To collect metrics and logs of Amazon S3 bucket, it is necessary to have a Linux VM and an IAM Role with read only access to S3 bucket.

Create a Policy to Access Amazon S3 Bucket
  1. Sign in to the AWS Management Console and open the IAM console at https://console.aws.amazon.com/iam/.

  2. Follow the below steps to create a policy in the IAM console.

    • Navigate to Access Management > Policies

    • In the Policies window, click the Create policy button

    • In the Create policy window, go to the JSON tab

    • Copy and paste the below-mentioned JSON code into the policy editor

      {
      "Version": "2012-10-17",
      "Statement": [
      {
      "Action": [
      s3:ListBucket
      s3:GetObject
      ],
      "Effect": "Allow",
      "Resource": "*"
      }
      ]
      }
    • Click the Next: Tags > Next: Review button

    • In the Review policy window, give the Name and Description (Optional) for the policy and review the list of permissions

    • Click the Create policy button

  3. Attach the policy to a dedicated IAM Role for read-only access.

Configuration in Linux VM to collect S3 Bucket Logs

Customize the S3 bucket log input format

Click here to learn more about Custom Log Parser.

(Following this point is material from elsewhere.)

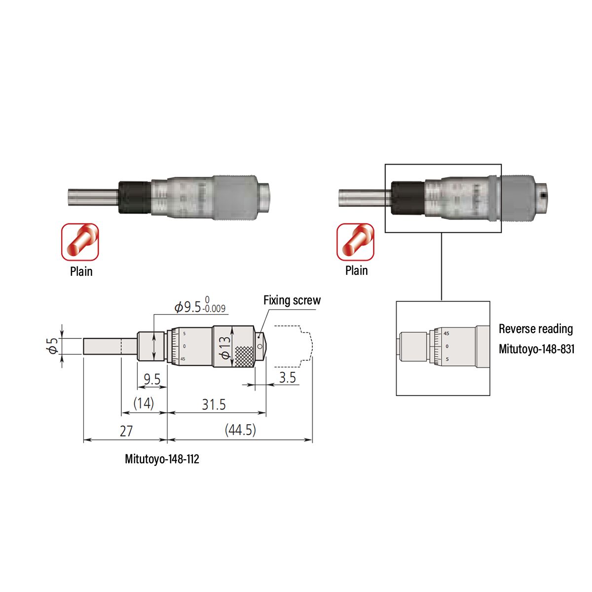 0-0.50″ Mechanical Micrometer Head Graduation 0.001″ 0.5" Flat Mechanical Micrometer Head (Thimble Diameter: Dia. 13mm, Reverse Reading) Mitutoyo-148-831

Add the following configuration to the custom-logging-plugin.yaml file.

s3-logs:
  documentType: s3Logs
  inputs:
  - name: s3
    options:
      Bucket: backupData
      Prefix: sales/
      Files: transaction.log,audit.log,*.txt
Region: us-west-2
Exclude_Files: temp.img
      Ignore_older: 1d
      Interval_sec: 300s
      Mem_Buf_Limit: 100m
      Refresh_Object_Listing: 1d
  filters:
  - name: lua
    options:
      script: scripts.lua
      call: addtime_millisecond
  - name: record_modifier
    options:
      record:
        level: "info"

Parameter Definition

Bucket - Bucket consisting files, to be set for monitoring

Prefix - Bucket Prefix location for the files to be monitored

Region - Region of the bucket

Files – Comma separated files to be set for monitoring (Accepts wildcard). Files across multilevel sub-dir. To match prefix /sales-data/year=2020/month=05/day=23/status.txt, /sales-data////.txt.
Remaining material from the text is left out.